→ **Data excerpt**:

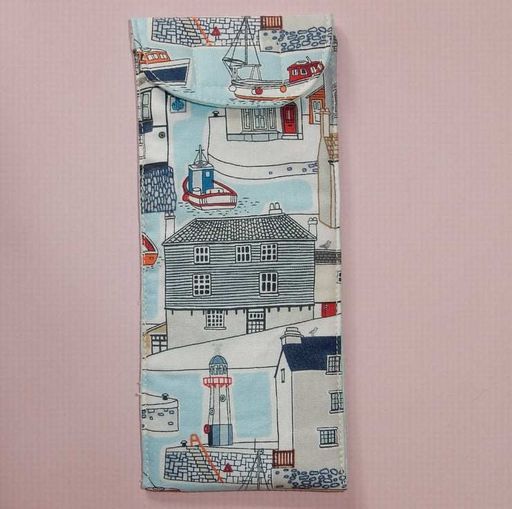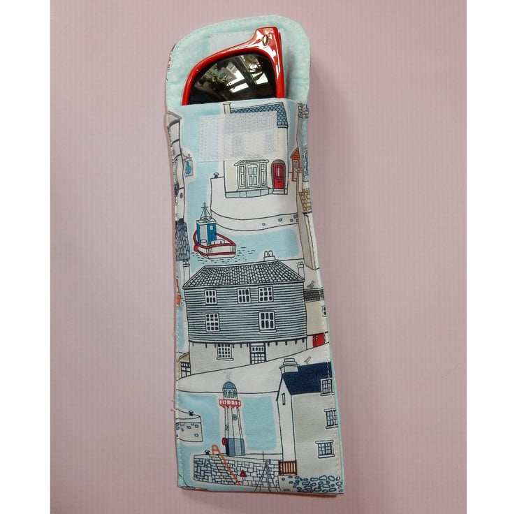 Are you getting ready for Summer holidays? This is a handy case for your glasses or sunglasses, which is made from a harbour scene cotton fabric, with a toning lining. It also has a layer of wadding for protection. The case fastens with Velcro.
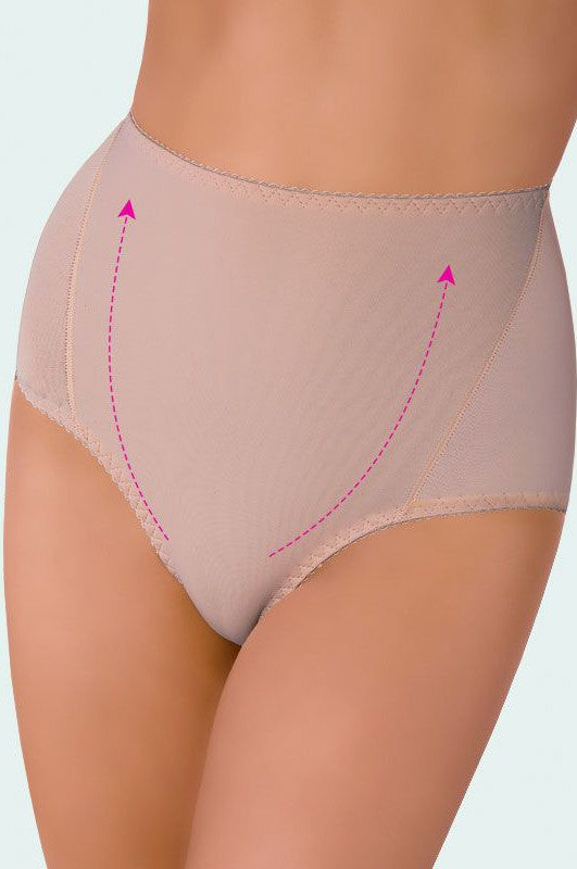 Bragas completamente lisas, casi completamente invisibles debajo de la ropa, que también moldean ligeramente la línea del cuerpo. El tejido tensor mejora la apariencia de las caderas y aplana el abdomen. Debajo del vestido ajustado quedará perfecto.
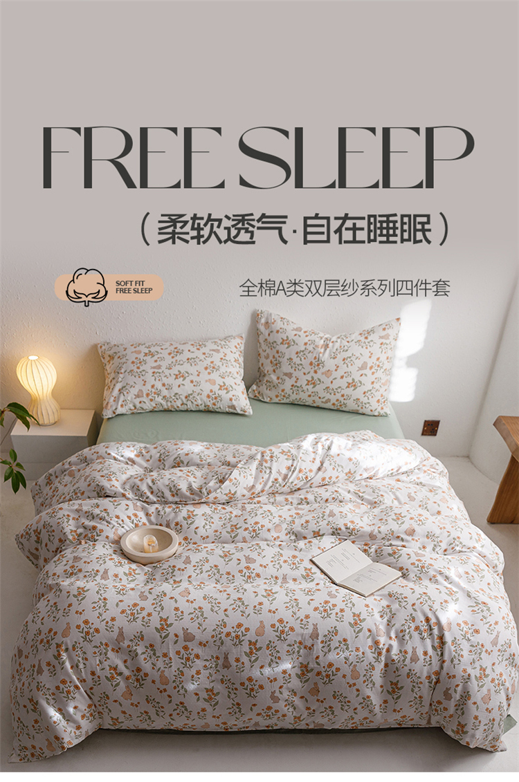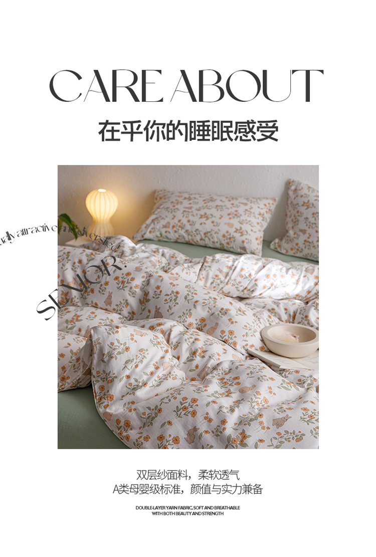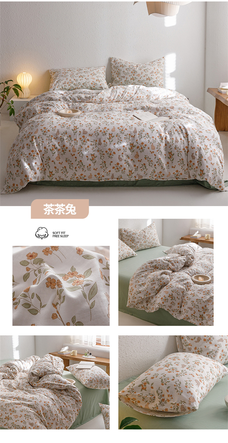 当前位置: 91家纺网 > 商品网购 > 床品套件 > 四件套 > 全棉普通四件套 > 窝米2023新款全棉A类双层纱系列四件套 茶茶兔
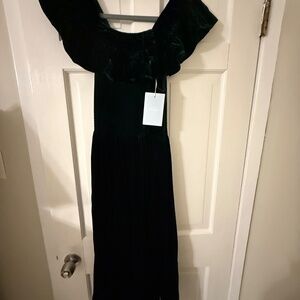 Elegant green velvet midi dress. Features a ruffled neckline. Perfect for any occasion.

→ **Action item**: Extract the run of lines beginning with the line that holds "Bragas completamente lisas, casi" and ending at the last line of the data, inclusive. Exclude any pictures from the copy.

→ **Exercise response**:
 Bragas completamente lisas, casi completamente invisibles debajo de la ropa, que también moldean ligeramente la línea del cuerpo. El tejido tensor mejora la apariencia de las caderas y aplana el abdomen. Debajo del vestido ajustado quedará perfecto.
 当前位置: 91家纺网 > 商品网购 > 床品套件 > 四件套 > 全棉普通四件套 > 窝米2023新款全棉A类双层纱系列四件套 茶茶兔
 Elegant green velvet midi dress. Features a ruffled neckline. Perfect for any occasion.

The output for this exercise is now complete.